[[ Records for this exercise, beginning ]]

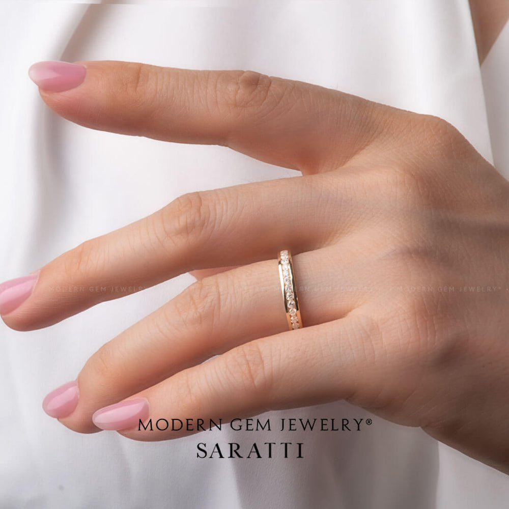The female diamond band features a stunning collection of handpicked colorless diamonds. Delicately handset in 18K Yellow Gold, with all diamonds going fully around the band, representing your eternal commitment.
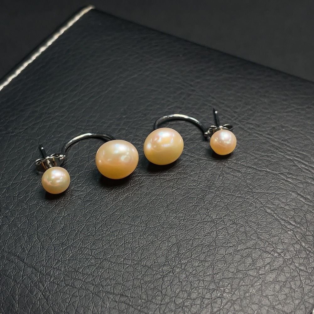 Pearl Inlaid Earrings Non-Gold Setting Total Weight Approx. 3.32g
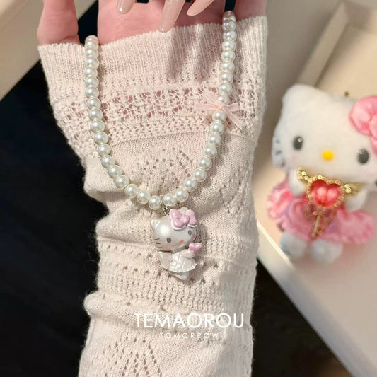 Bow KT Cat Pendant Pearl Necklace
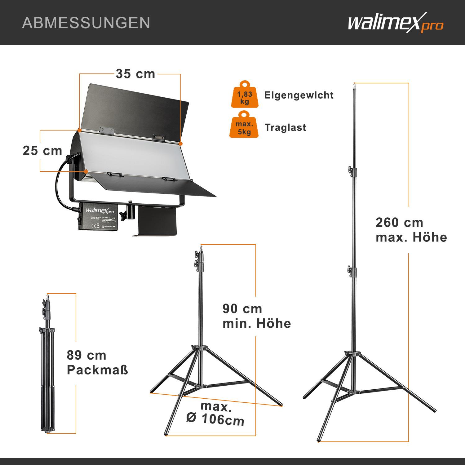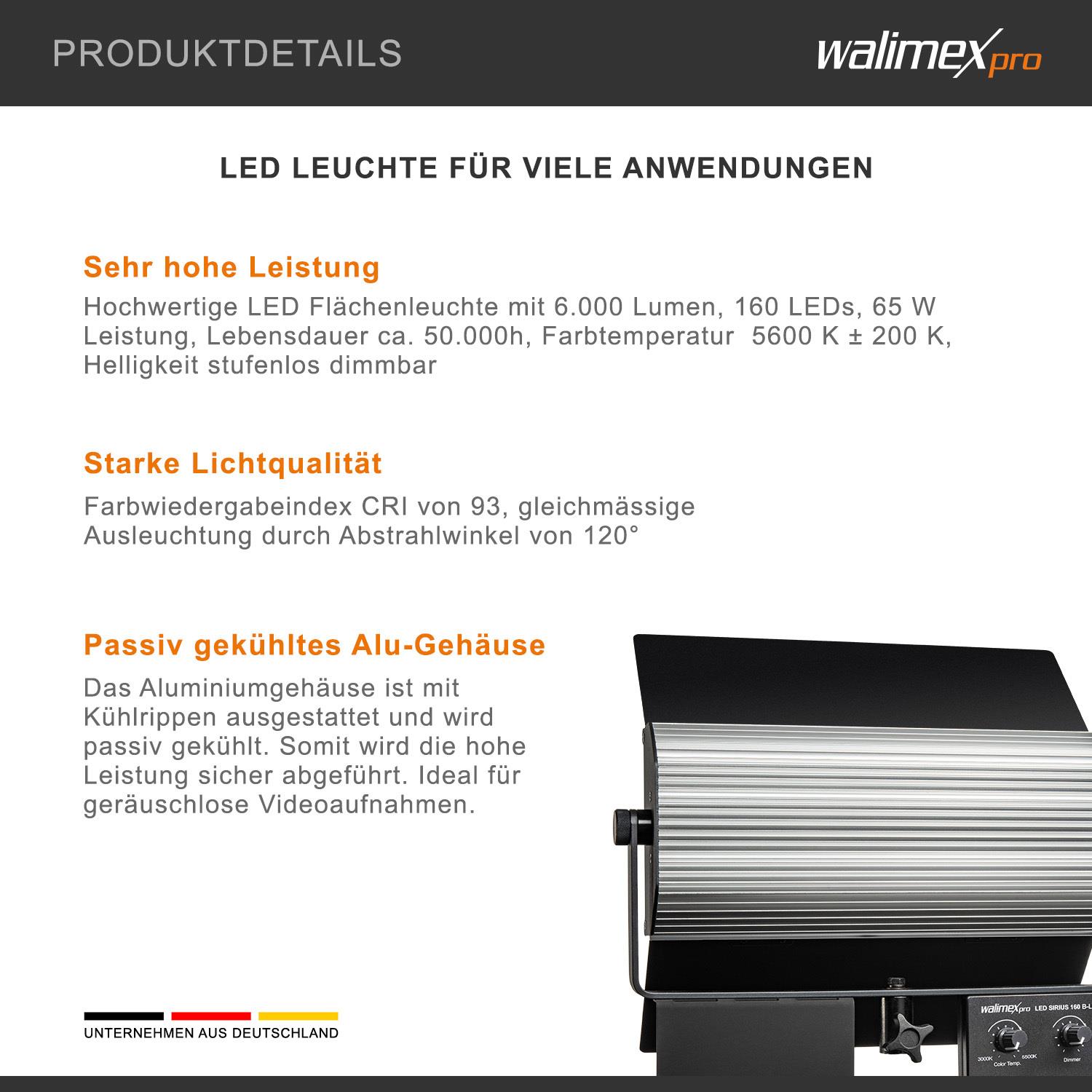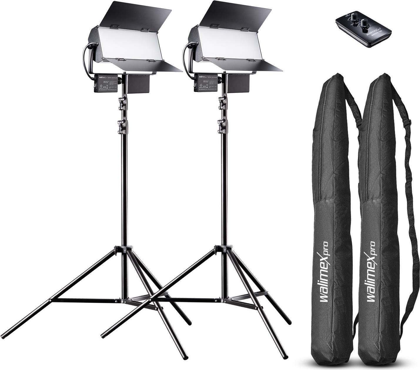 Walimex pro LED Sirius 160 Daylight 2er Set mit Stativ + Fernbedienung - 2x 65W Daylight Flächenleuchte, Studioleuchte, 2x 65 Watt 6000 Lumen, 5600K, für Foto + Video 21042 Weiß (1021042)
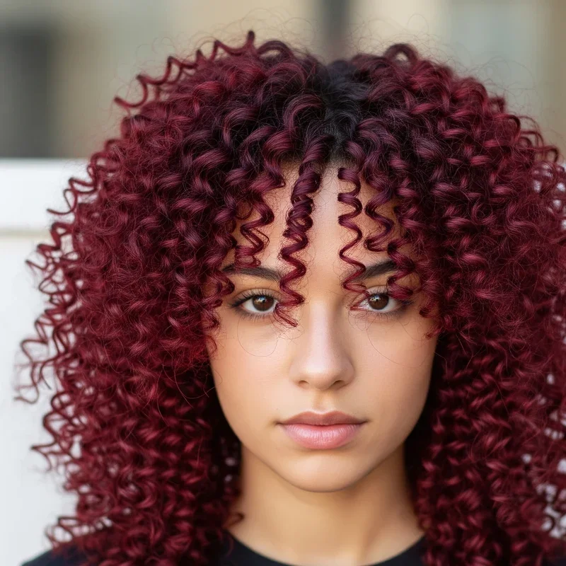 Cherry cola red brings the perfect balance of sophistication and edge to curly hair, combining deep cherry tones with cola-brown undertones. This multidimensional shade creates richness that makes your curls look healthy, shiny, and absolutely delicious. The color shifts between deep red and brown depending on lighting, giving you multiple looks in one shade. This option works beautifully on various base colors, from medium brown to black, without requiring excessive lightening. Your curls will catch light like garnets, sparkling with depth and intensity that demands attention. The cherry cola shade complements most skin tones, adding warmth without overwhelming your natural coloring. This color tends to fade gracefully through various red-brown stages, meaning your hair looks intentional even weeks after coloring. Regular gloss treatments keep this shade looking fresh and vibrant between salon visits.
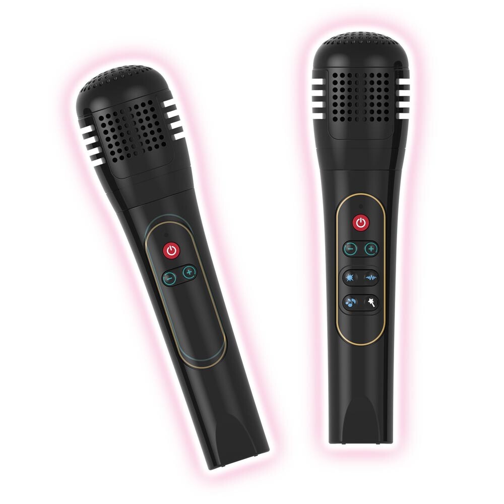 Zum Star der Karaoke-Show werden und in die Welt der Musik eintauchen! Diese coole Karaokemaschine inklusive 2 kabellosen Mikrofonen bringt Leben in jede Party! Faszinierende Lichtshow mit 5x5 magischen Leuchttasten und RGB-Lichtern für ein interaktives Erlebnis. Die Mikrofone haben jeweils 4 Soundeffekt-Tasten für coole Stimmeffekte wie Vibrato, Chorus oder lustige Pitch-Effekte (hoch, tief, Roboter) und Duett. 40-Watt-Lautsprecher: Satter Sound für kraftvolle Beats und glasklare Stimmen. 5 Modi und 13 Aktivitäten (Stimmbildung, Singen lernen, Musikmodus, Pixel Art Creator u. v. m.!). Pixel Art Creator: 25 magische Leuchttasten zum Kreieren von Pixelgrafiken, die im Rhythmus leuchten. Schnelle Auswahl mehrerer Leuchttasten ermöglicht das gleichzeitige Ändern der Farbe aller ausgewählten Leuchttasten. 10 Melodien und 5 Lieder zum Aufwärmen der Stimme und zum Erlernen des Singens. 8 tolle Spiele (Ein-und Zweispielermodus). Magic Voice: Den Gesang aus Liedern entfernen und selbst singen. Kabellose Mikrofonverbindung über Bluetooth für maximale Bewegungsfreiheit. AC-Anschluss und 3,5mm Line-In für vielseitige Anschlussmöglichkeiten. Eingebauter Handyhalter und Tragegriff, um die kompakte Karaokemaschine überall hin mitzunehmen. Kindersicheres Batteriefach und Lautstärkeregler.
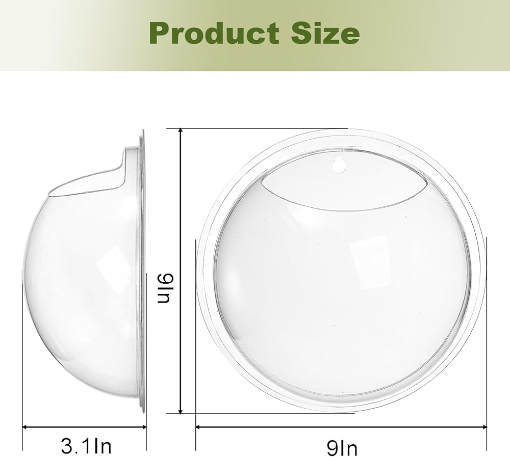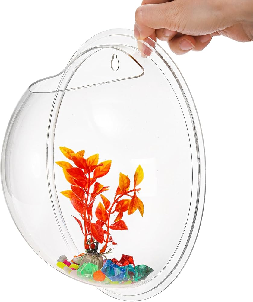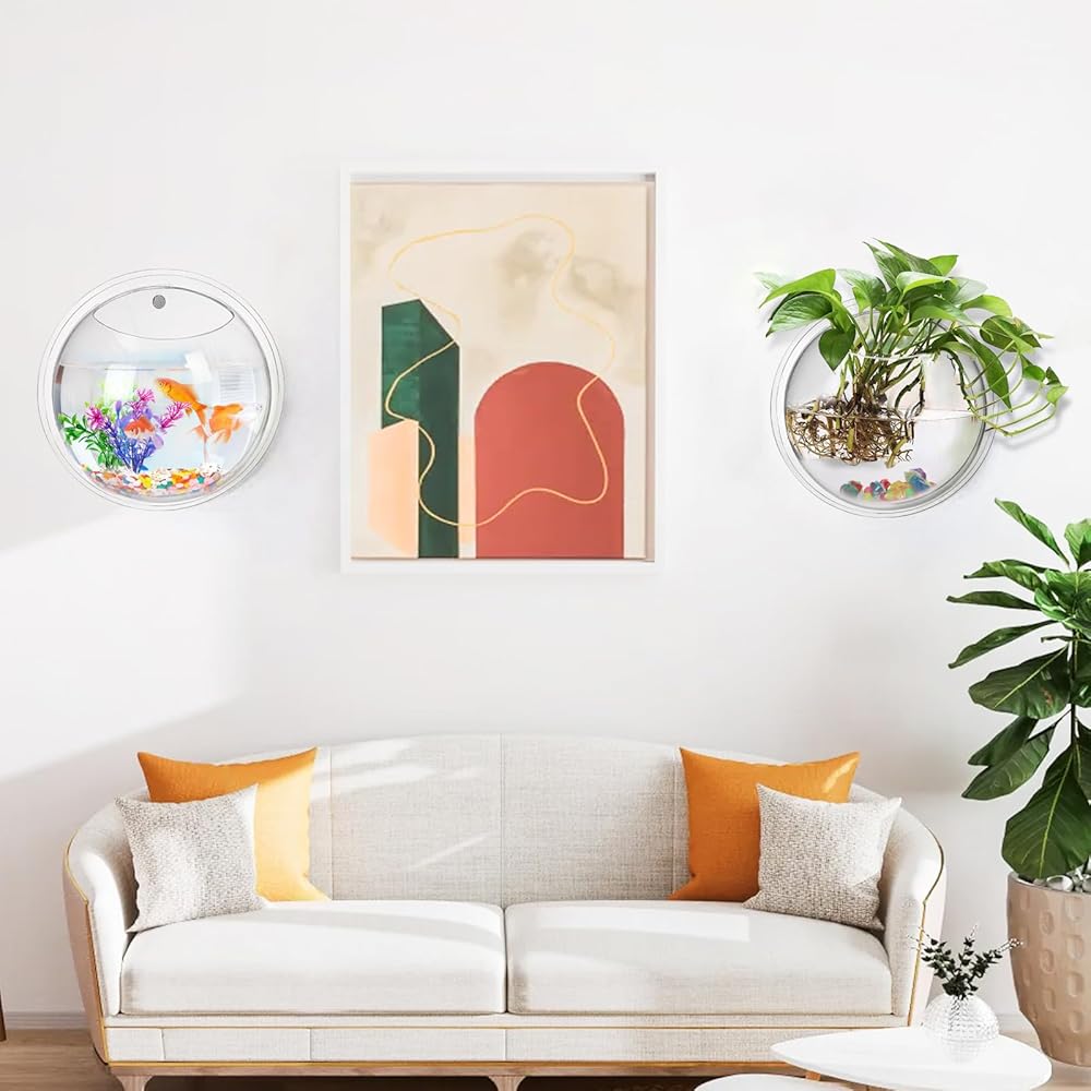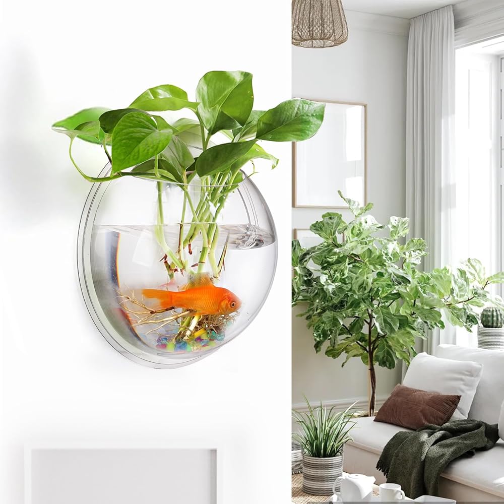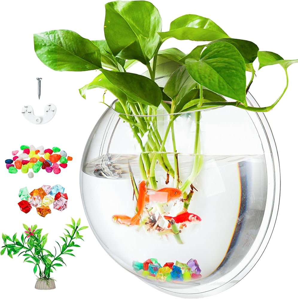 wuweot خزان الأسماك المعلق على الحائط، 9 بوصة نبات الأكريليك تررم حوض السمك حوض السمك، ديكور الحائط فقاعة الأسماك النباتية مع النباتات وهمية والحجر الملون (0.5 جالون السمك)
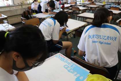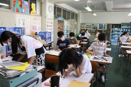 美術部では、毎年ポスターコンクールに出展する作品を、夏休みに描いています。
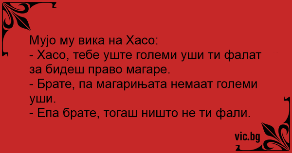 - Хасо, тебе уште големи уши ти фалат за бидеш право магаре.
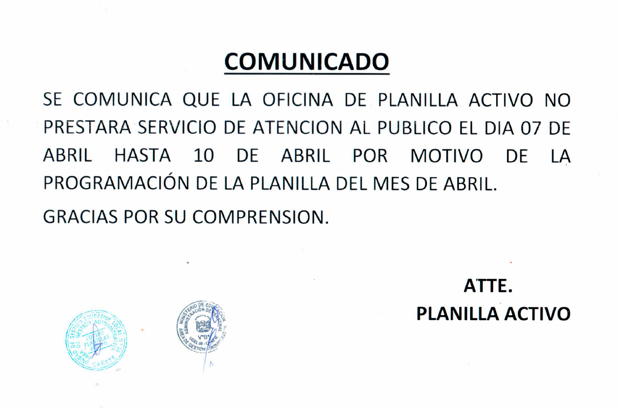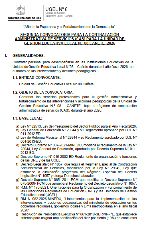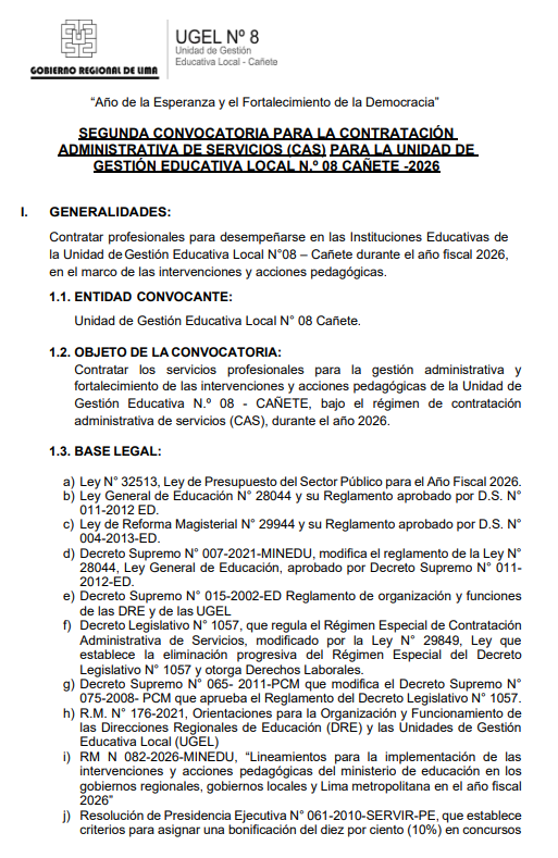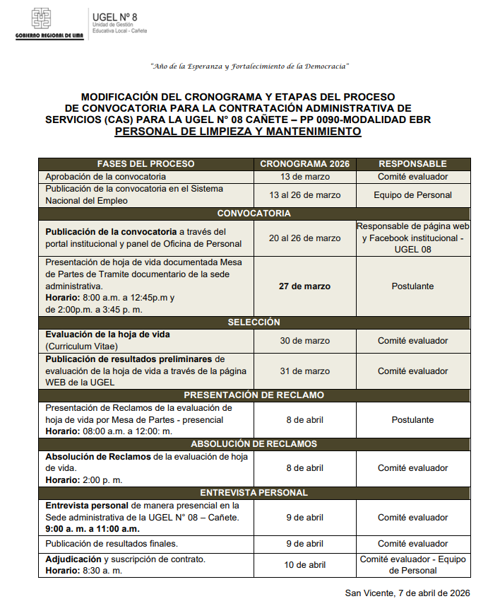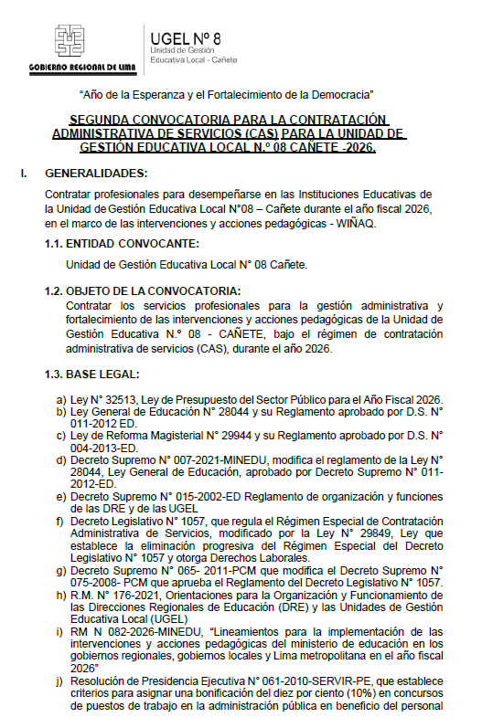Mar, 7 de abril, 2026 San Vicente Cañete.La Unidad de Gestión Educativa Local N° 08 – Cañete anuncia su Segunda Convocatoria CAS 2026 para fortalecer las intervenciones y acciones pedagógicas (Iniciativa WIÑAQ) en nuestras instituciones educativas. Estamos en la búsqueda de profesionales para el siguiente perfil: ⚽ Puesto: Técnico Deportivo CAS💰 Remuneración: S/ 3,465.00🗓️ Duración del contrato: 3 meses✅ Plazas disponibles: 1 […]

[[ Records for this exercise, end ]]

Exercise prompt:
All of the records above should be reproduced exactly, with the pictures left out.

Answer area:
The female diamond band features a stunning collection of handpicked colorless diamonds. Delicately handset in 18K Yellow Gold, with all diamonds going fully around the band, representing your eternal commitment.
 Pearl Inlaid Earrings Non-Gold Setting Total Weight Approx. 3.32g
 Bow KT Cat Pendant Pearl Necklace
 Walimex pro LED Sirius 160 Daylight 2er Set mit Stativ + Fernbedienung - 2x 65W Daylight Flächenleuchte, Studioleuchte, 2x 65 Watt 6000 Lumen, 5600K, für Foto + Video 21042 Weiß (1021042)
 Cherry cola red brings the perfect balance of sophistication and edge to curly hair, combining deep cherry tones with cola-brown undertones. This multidimensional shade creates richness that makes your curls look healthy, shiny, and absolutely delicious. The color shifts between deep red and brown depending on lighting, giving you multiple looks in one shade. This option works beautifully on various base colors, from medium brown to black, without requiring excessive lightening. Your curls will catch light like garnets, sparkling with depth and intensity that demands attention. The cherry cola shade complements most skin tones, adding warmth without overwhelming your natural coloring. This color tends to fade gracefully through various red-brown stages, meaning your hair looks intentional even weeks after coloring. Regular gloss treatments keep this shade looking fresh and vibrant between salon visits.
 Zum Star der Karaoke-Show werden und in die Welt der Musik eintauchen! Diese coole Karaokemaschine inklusive 2 kabellosen Mikrofonen bringt Leben in jede Party! Faszinierende Lichtshow mit 5x5 magischen Leuchttasten und RGB-Lichtern für ein interaktives Erlebnis. Die Mikrofone haben jeweils 4 Soundeffekt-Tasten für coole Stimmeffekte wie Vibrato, Chorus oder lustige Pitch-Effekte (hoch, tief, Roboter) und Duett. 40-Watt-Lautsprecher: Satter Sound für kraftvolle Beats und glasklare Stimmen. 5 Modi und 13 Aktivitäten (Stimmbildung, Singen lernen, Musikmodus, Pixel Art Creator u. v. m.!). Pixel Art Creator: 25 magische Leuchttasten zum Kreieren von Pixelgrafiken, die im Rhythmus leuchten. Schnelle Auswahl mehrerer Leuchttasten ermöglicht das gleichzeitige Ändern der Farbe aller ausgewählten Leuchttasten. 10 Melodien und 5 Lieder zum Aufwärmen der Stimme und zum Erlernen des Singens. 8 tolle Spiele (Ein-und Zweispielermodus). Magic Voice: Den Gesang aus Liedern entfernen und selbst singen. Kabellose Mikrofonverbindung über Bluetooth für maximale Bewegungsfreiheit. AC-Anschluss und 3,5mm Line-In für vielseitige Anschlussmöglichkeiten. Eingebauter Handyhalter und Tragegriff, um die kompakte Karaokemaschine überall hin mitzunehmen. Kindersicheres Batteriefach und Lautstärkeregler.
 wuweot خزان الأسماك المعلق على الحائط، 9 بوصة نبات الأكريليك تررم حوض السمك حوض السمك، ديكور الحائط فقاعة الأسماك النباتية مع النباتات وهمية والحجر الملون (0.5 جالون السمك)
 美術部では、毎年ポスターコンクールに出展する作品を、夏休みに描いています。
 - Хасо, тебе уште големи уши ти фалат за бидеш право магаре.
Mar, 7 de abril, 2026 San Vicente Cañete.La Unidad de Gestión Educativa Local N° 08 – Cañete anuncia su Segunda Convocatoria CAS 2026 para fortalecer las intervenciones y acciones pedagógicas (Iniciativa WIÑAQ) en nuestras instituciones educativas. Estamos en la búsqueda de profesionales para el siguiente perfil: ⚽ Puesto: Técnico Deportivo CAS💰 Remuneración: S/ 3,465.00🗓️ Duración del contrato: 3 meses✅ Plazas disponibles: 1 […]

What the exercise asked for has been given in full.